Flower and fruit growers use sprays of compounds that release/evolve ethylene to get their product to market (when the time is ripe, so to speak). One that is available in small quantities that a small-time hobyist like me might buy is 'Florel'. So, I'm thinking to simply paint it on a trunk where I want it (or wrap the trunk in something spongy full of it) to thicken the trunk. This area will probably need to be well wrapped in plastic to retain the evolving ethylene. Another reason to keep it contained is that ethylene induces leaf/needle drop.

I have a lot of Ace Palmatum stumps that I've generated through several years of air-layering. I also have the nursery-stock JBP 'Thunderhead' that has a spindly trunk and high graft that are good guinea pigs. Lastly, I have a nursery-lemon Ponderosa.
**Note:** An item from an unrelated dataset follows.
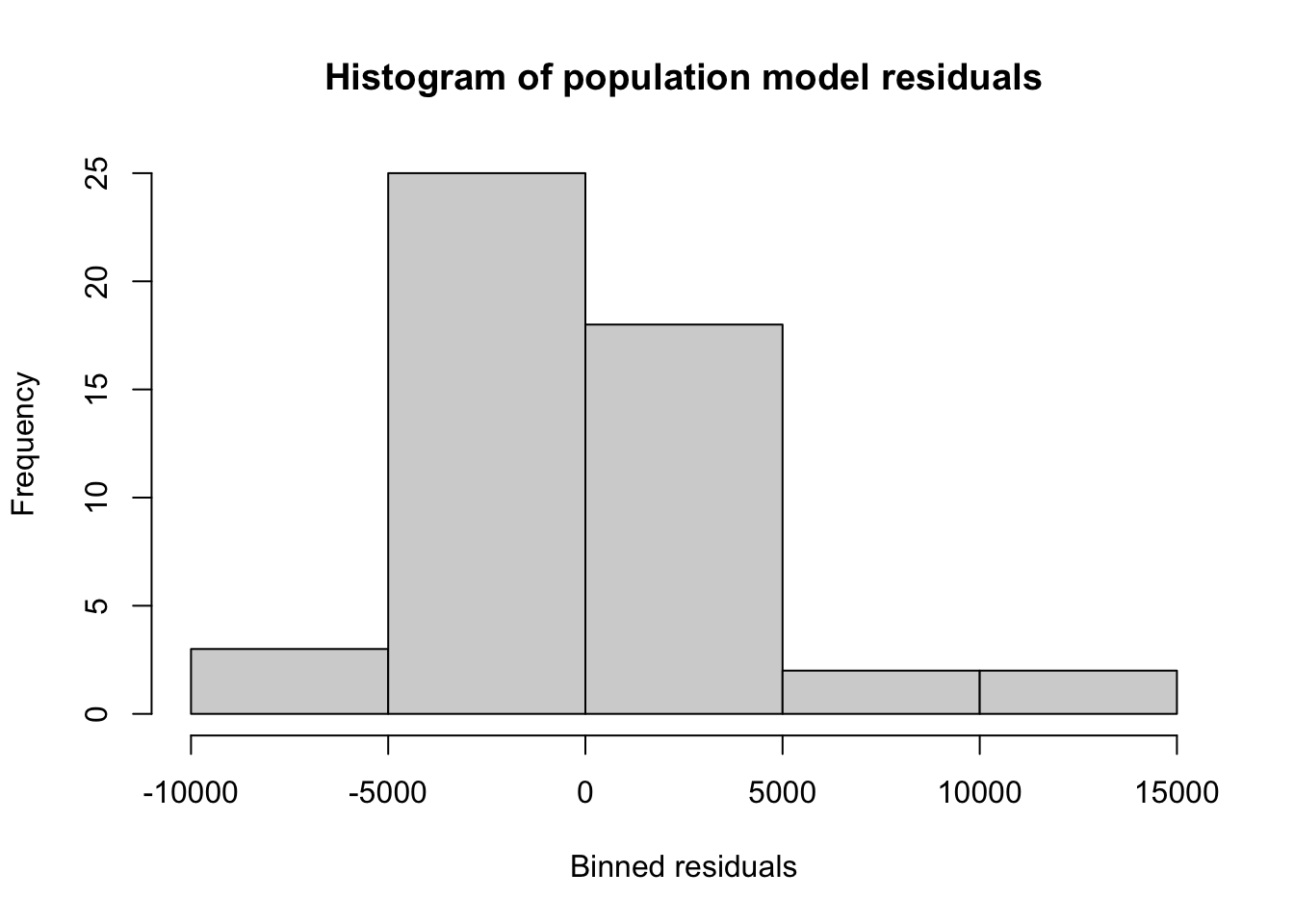 hist(state.lm$residuals,main='Histogram of population model residuals',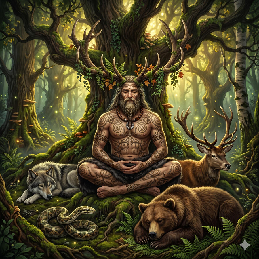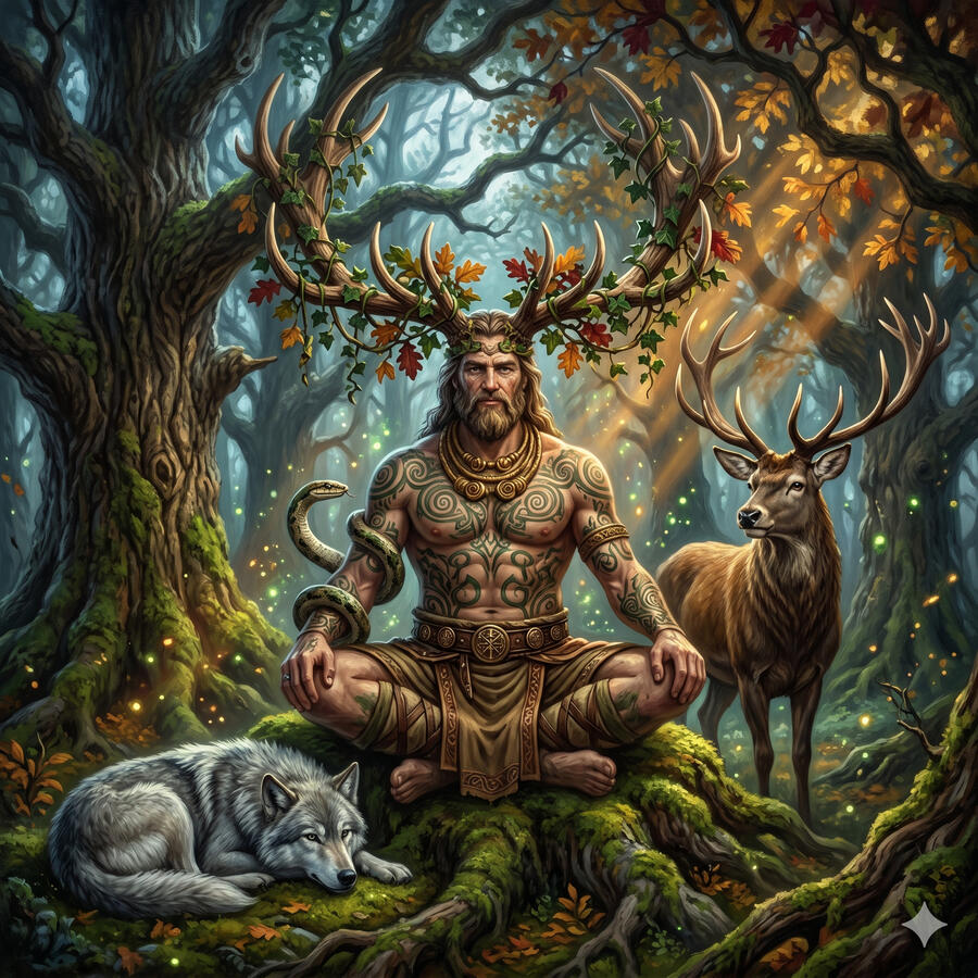 Cernunnos es el dios más antiguo y misterioso del panteón celta — tan viejo que casi no quedan textos sobre él, solo imágenes talladas en piedra donde aparece sentado en posición de meditación con cornamenta de ciervo, rodeado de animales salvajes que acuden a él en paz. Es el señor de la naturaleza indómita, de los ciclos de vida y muerte, de la abundancia del bosque y del paso entre los mundos. No pertenece del todo al mundo de los vivos ni al de los muertos. Es el umbral mismo.

Ponderosa are infamously difficult to get the branches to set after wiring - take the wire off and the branch keeps returning to its orginal position. Setting branches depends on development of reaction wood, so I am also thinking of wiring a pondy branch and painting Florel on it, comparing the result against an unpainted branch. I'm shopping for more junk in local end-of-the-season sales to experiment with (I haven't found any $25 'miracles' like Kevster found, however).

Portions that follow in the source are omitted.